Back-to-back papers (here and here) in Nature Biotechnology report the transdifferentiation (now often simply referred to as “direct reprogramming”) of plain old fibroblasts into brain cells called oligodendrocyte progenitor cells (OPCs).
OPCs are a remarkably useful kind of brain cell that generates myelin, which insulates nerves. OPCs are thought to have great therapeutic potential for a number of pathological conditions including Multiple Sclerosis (MS) and spinal cord injury (SCI).
The two teams included one from Case Western Reserve University School of Medicine led by Paul J Tesar (Najm, et al paper) and one from Stanford (Yang, et al paper) led by transdifferentiation guru, Marius Wernig.
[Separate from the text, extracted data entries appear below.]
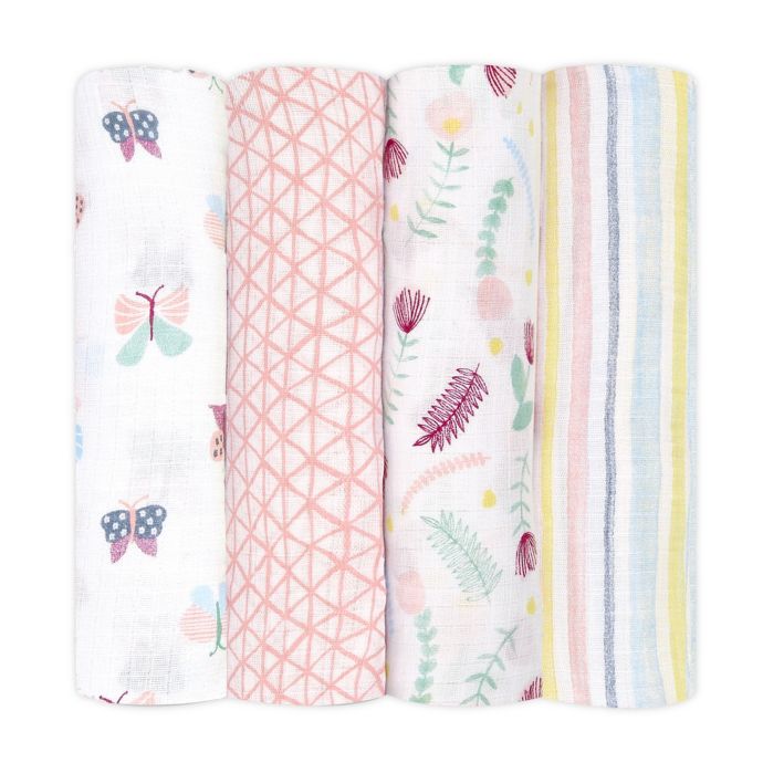 aden + anais™ essentials 4Pack Floral Cotton Muslin Swaddles in Pink
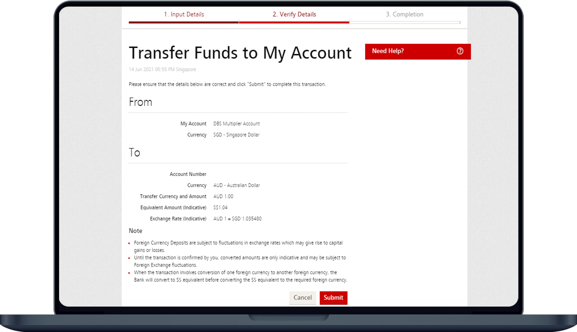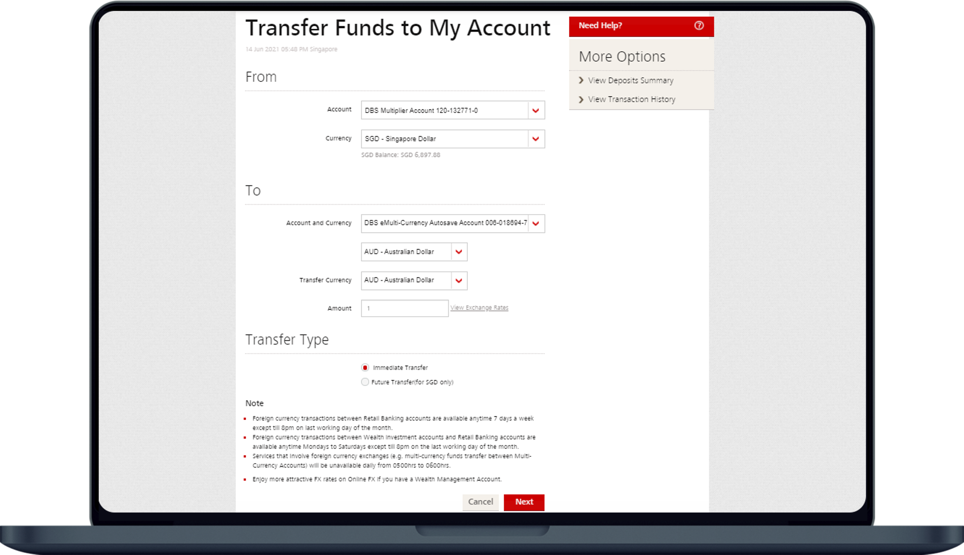 (You may View Exchange Rates to view the indicative foreign exchange rates before performing the transfer.)
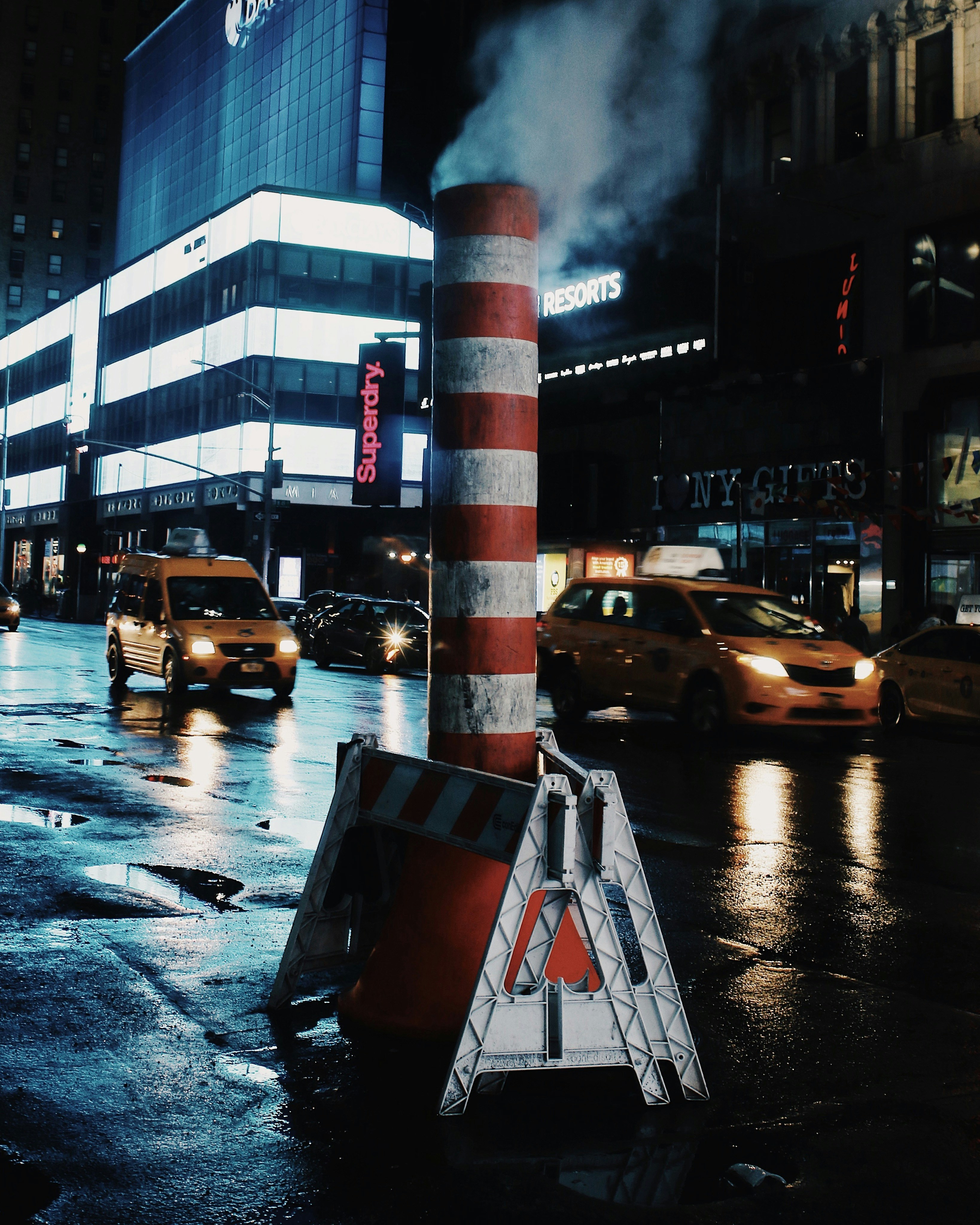 街道,汽車,出租車,蒸汽,建筑,建筑,商店,雨,濕,汽車,城市,城市,旅游,交通,建筑,紐約,紐約,光明
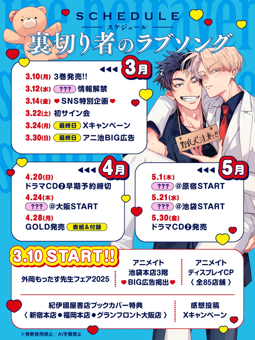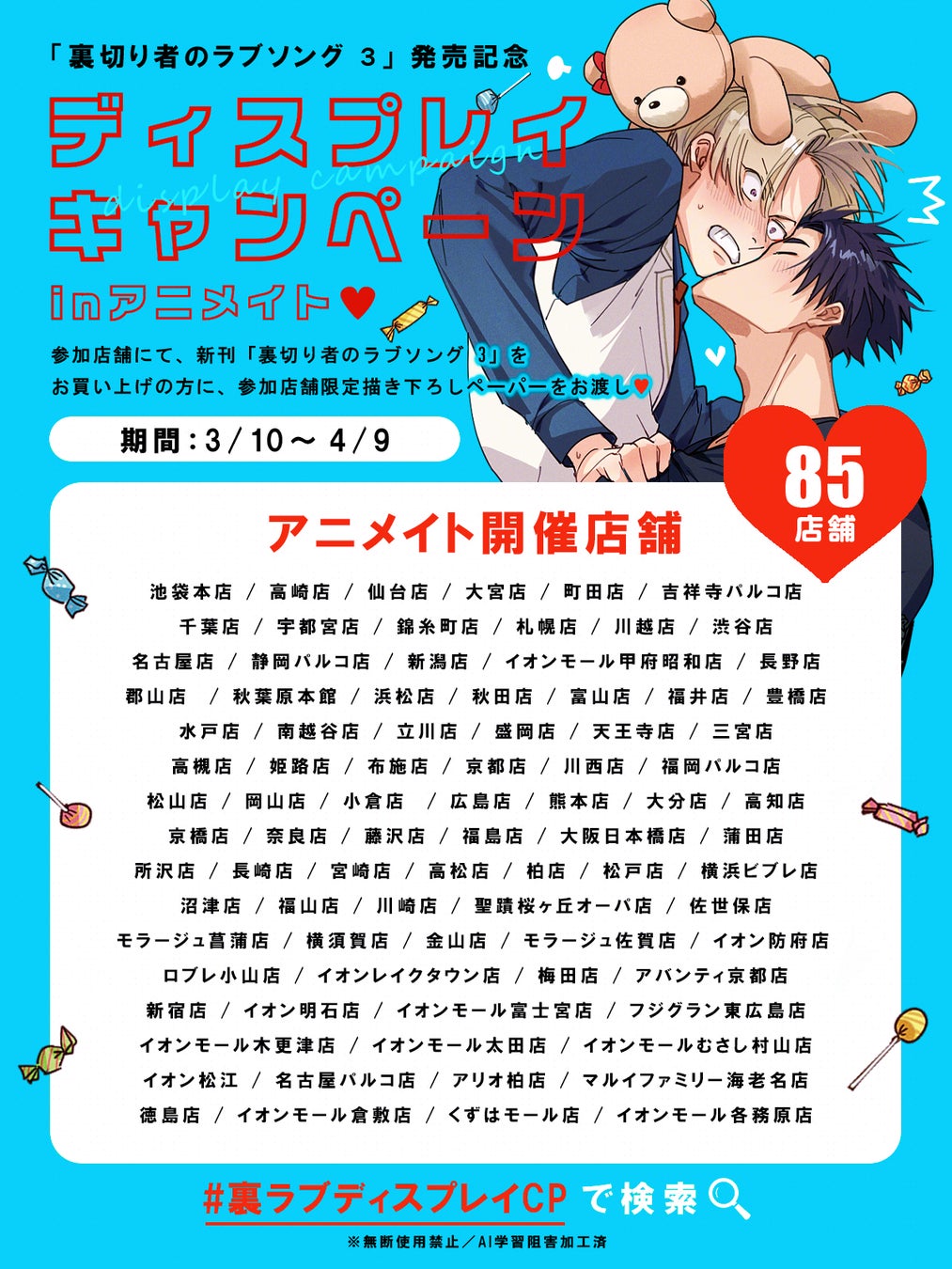 ただいまアニメイト池袋本店3Fのビジュアルパネルが「裏切り者のラブソング」仕様になっております! お近くにお立ち寄りの際は是非ご覧ください。
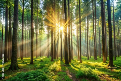 © methinee, Obraz premium A serene forest scene with morning sunlight filtering through the trees
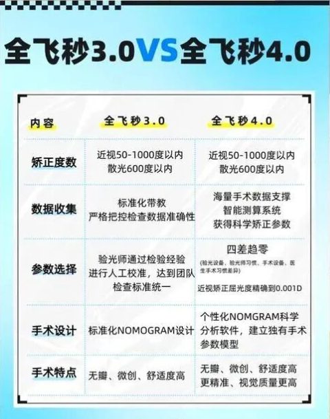 作为目前全球领先的飞秒技术,全飞秒4.0在3.0基础上全面升级,其核心优势体现在:精准度跃升、个性化定制、术后体验更优、视觉效果更好。
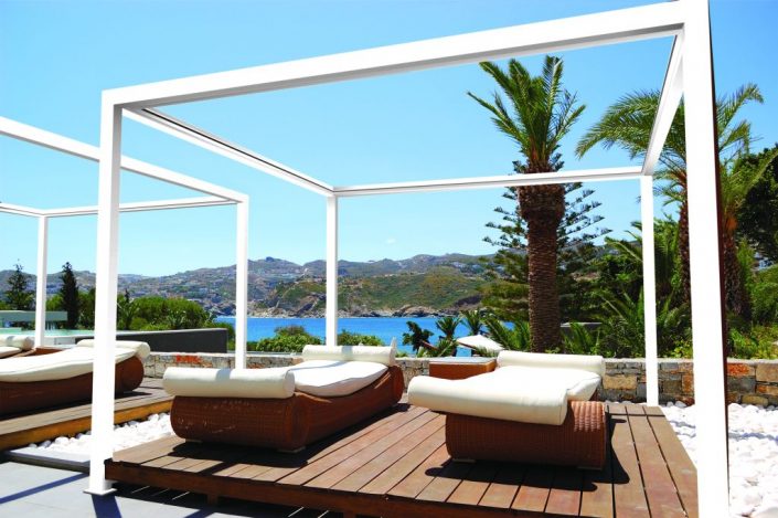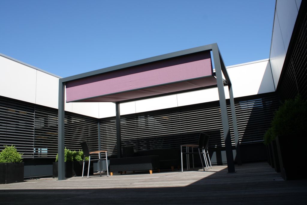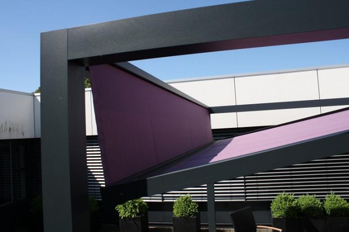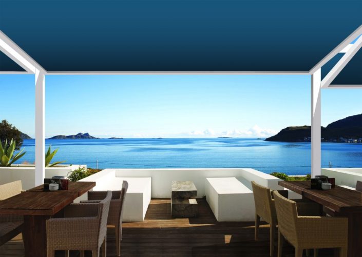 Een voorbeeld van een terrasoverkapping die we leveren is de SunCover. De SunCover is uniek door de combinatie van design en functionaliteit. Naast de traditionele zonwering, die “onder een hoek” geplaatst wordt, is de SunCover ook te gebruiken als “vlakke en strakke” zonwering. Het speciaal ontwikkelde en gepatenteerde systeem maakt een variabele hoekverstelling mogelijk en zorgt bij een lichte regenbui voor een afwatering van het regenwater.
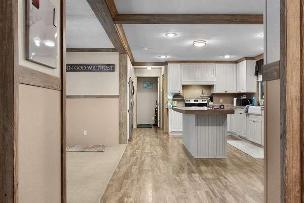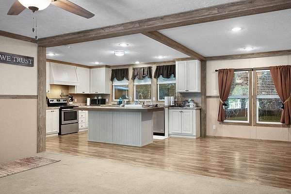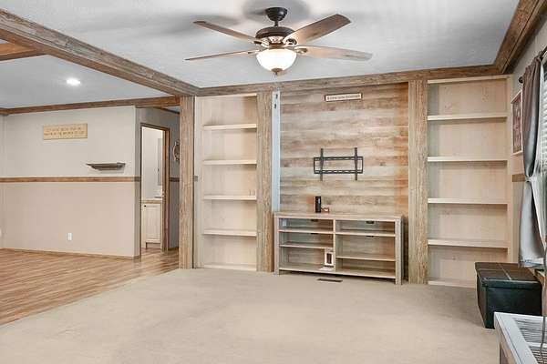 Est $918/moPeaceful country living on 18 acres! This 2018 manufactured home blends modern style with serene privacy, featuring a level yard ideal for pets or play. Inside is a dream kitchen with island, stainless appliances, farmhouse sink, and open flow to a cozy living room with built-ins and rustic accents. The primary suite offers a spa-like bath with tiled shower and dual vanities. Enjoy a custom entryway, vinyl plank flooring, laundry room, and great natural light. Outside, explore wooded hills, relax by the firepit, and enjoy plenty of room to roam.
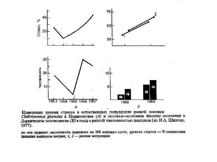 • Селье показал, что стресс ингибирует репродуктивные функции • Затем это подтвердили Крисчиан и Дэвис (1966) на пенсильванской полевке. Они показали, что есть корреляция изменений численности и относительной массы надпочечников.
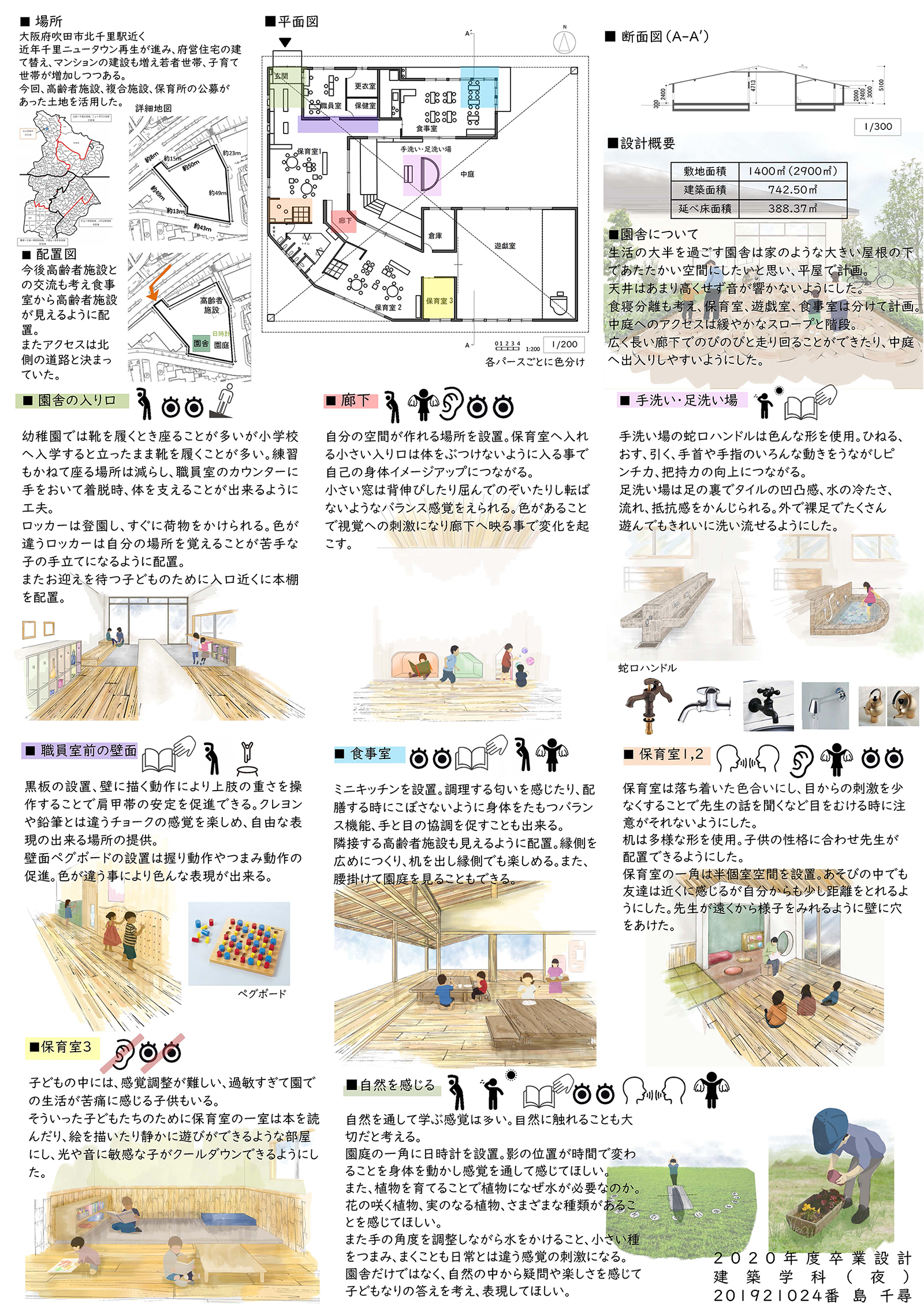一児の父として愛する我が子に向けた優しさ溢れる作品である。プランの詰めの甘さや表現の粗さはあるが、園児だけではなく保護者や職員もワクワクさせるこだわりが所々に見受けられた。学生でありながら家族を想い、形を実現させる為に努力を惜しまず考え出された計画されたこの建物は彼の人柄も表れており、さらに磨きをかければより素晴らしいものになると考える。<佐本 亜希子>

The teams worked independently but made very similar, complimentary discoveries.
Both teams honed in on transcription factors that are specifically expressed in OPCs and the oligodendrocyte lineage or when deleted cause defects in this lineage.
Najm, et al screened using the following factors: Olig1, Olig2, Nkx2.2, Nkx6.2, Sox10, ST18, Gm98 (Myrf) and Myt1. They found that all 8 factors when introduced together could make OPCs, but that Sox10, Olig2, and Nkx6.2 could do the same thing by themselves without the other five factors.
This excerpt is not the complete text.